Systems thinking or ‘big-picture’ thinking, is the key systems engineering mindset that takes a holistic view of the system, its environment, its users, its stakeholders, over its life time. Peter Senge defined systems thinking in The Fifth Discipline to be ” a framework for seeing interrelationships rather than things, for seeing patterns rather then static snapshots. It is a set of general principles spanning fields as diverse as physical and social sciences, engineering and management“. INCOSE UK define systems thinking to be “a way of thinking used to address complex and uncertain real world problems. It recognizes that the world is a set of highly interconnected technical and social entities which are hierarchically organized producing emergent behaviour“.
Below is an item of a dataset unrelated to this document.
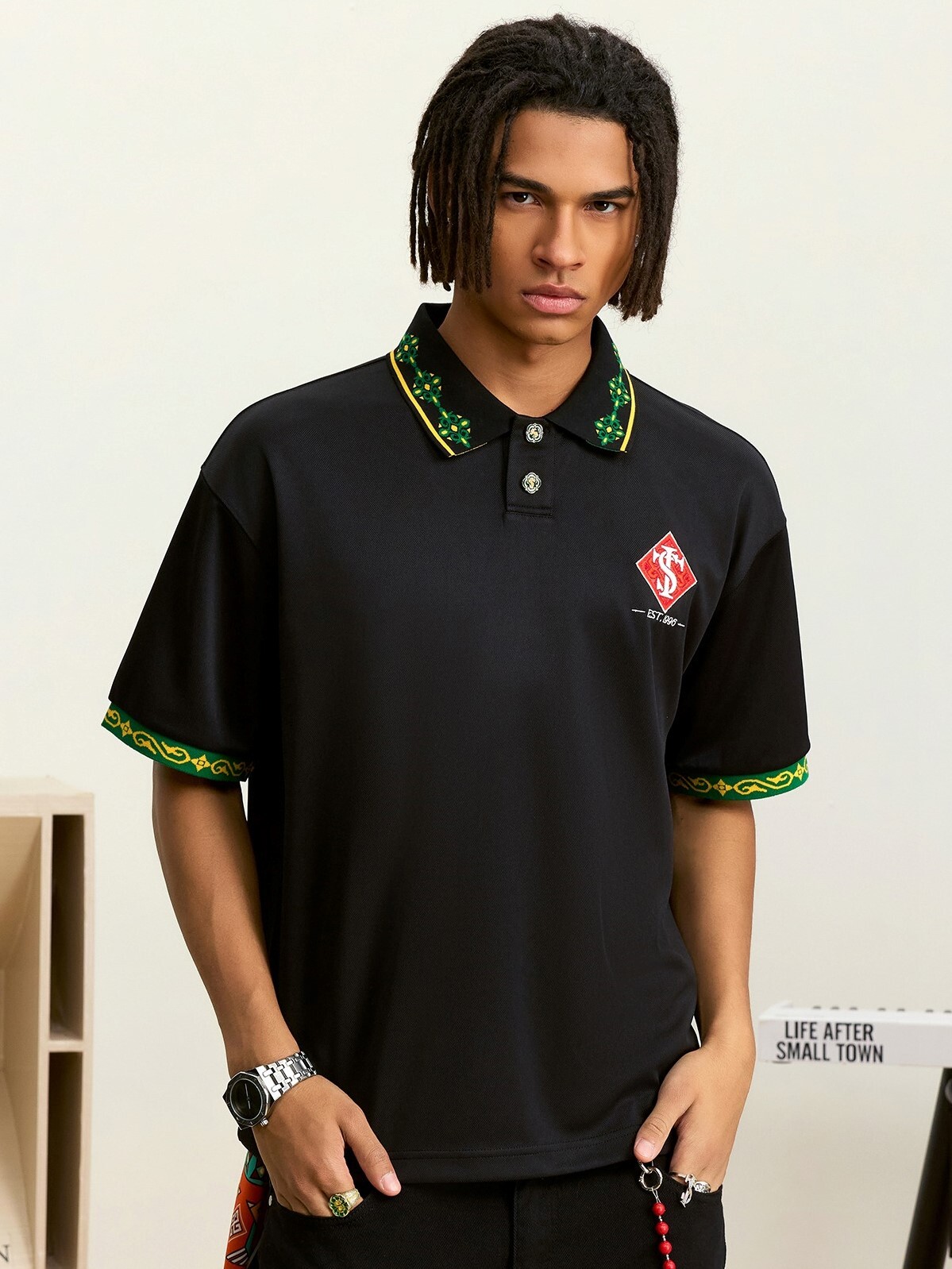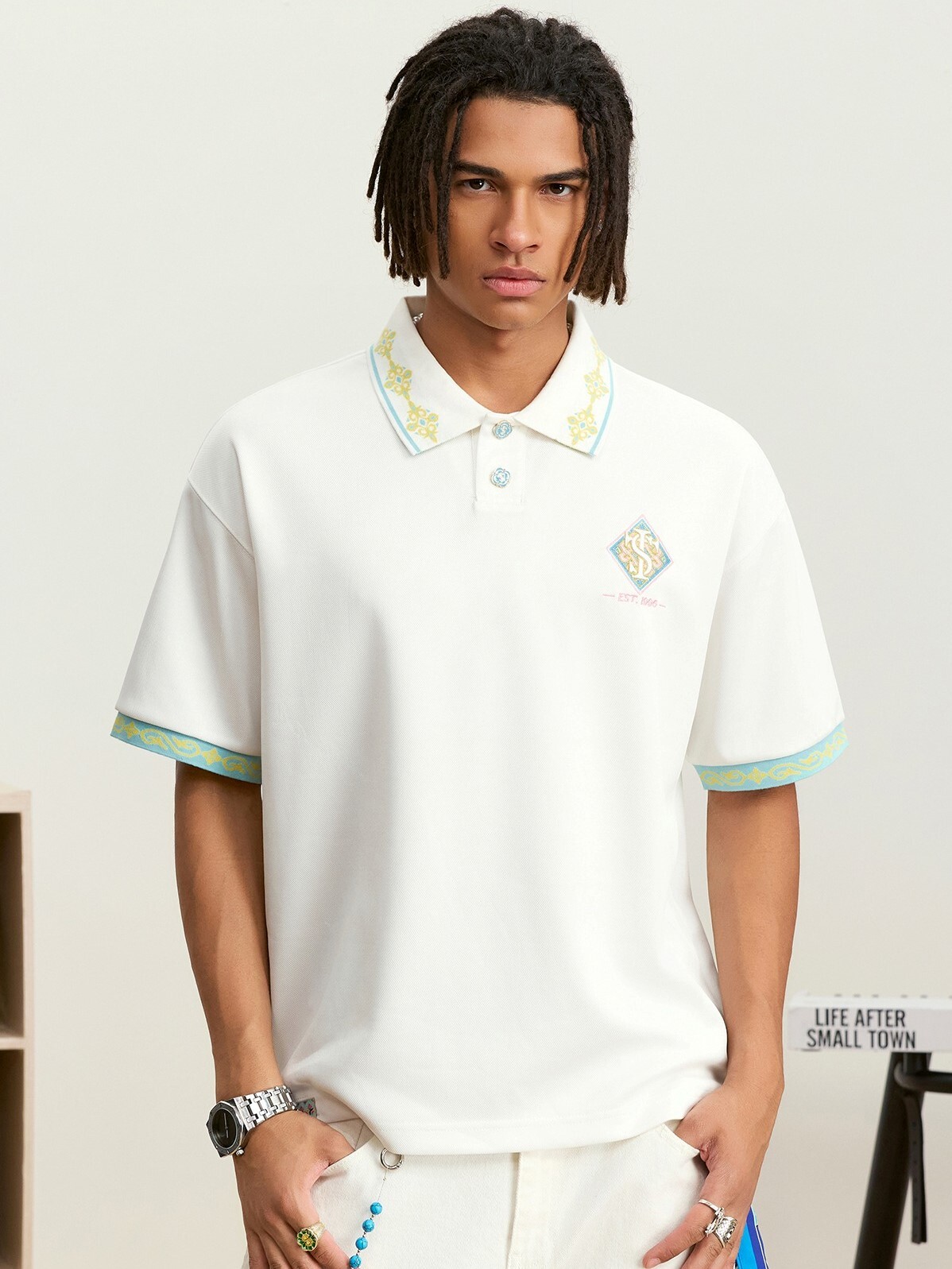 STK SmallTownKid 民族風 刺繡 POLO短袖

Most engineers are functional experts but as they assume greater leadership responsibility they often have to consider design implications in a broader context and begin to recognize the importance of systems thinking. Functional point designs without consideration for the broader system often lead to inferior outcomes. Engineering leaders in industries that are becoming more complex systems of systems therefore need to develop in themselves and in succession plans how to be better systems thinkers.

To ensure present day firms develop and sustain their competitiveness in the face of an increasingly complex world, the UK Royal Academy of Engineering suggests six principles that firms who leverage engineering capabilities should adopt to apply systems thinking:

  • Debate, define, revise, and pursue the purpose;
  • Think holistic;
  • Follow a systematic procedure;
  • Be creative;
  • Take account of the people;
  • Manage the project and the relationships.

A prior post looked at methods to sustain system thinking as the baby boomer generation retire in the traditional system thinking industries.

At the strategic level how can engineering leaders deliver returns from innovation investments in applying systems thinking?

Innovating in Complex Systems Markets

Rod Adner provided a powerful strategic approach for innovating systems in his book The Wide Lens by putting systems thinking in a business context and a form more usable by industry. Adner’s method looks beyond the execution of the firm’s innovation to consider co-innovation players and the adoption chain in the complex system market.  Co-innovation players are those firms or entities that need to innovate in order for the firm’s innovation to succeed. The adoption chain considers who else needs to adopt the firm’s innovation before full value can be achieved. Adner’s wide-lens steps are:

  1. Build a value blue print that illustrates the complex system market by network mapping of the key suppliers, intermediaries, complementors all leading to the end customer;
  2. Prepare a leaders/followers diagram to illustrate who of the players in the value blue print wins (or benefits) and who loses (and could resist) the firm’s innovation;
  3. Map first mover matrix to understand if being a first mover is an advantage or not;
  4. Considering the 5 levers of complex system market reconfiguration (ie. changes to the value blue print) to facilitate value creation by the firm’s innovation: what can be separated?; what can be combined? what can be relocated? what can be added? and what can be subtracted?
  5. Taking steps to sequence successful complex system market construction through such strategic actions as: minimum viable footprint; staged expansion; and system carryover.

By visualizing the complex system market using Adner’s approach engineering leaders can apply systems thinking that drives profitability, growth, and competitiveness.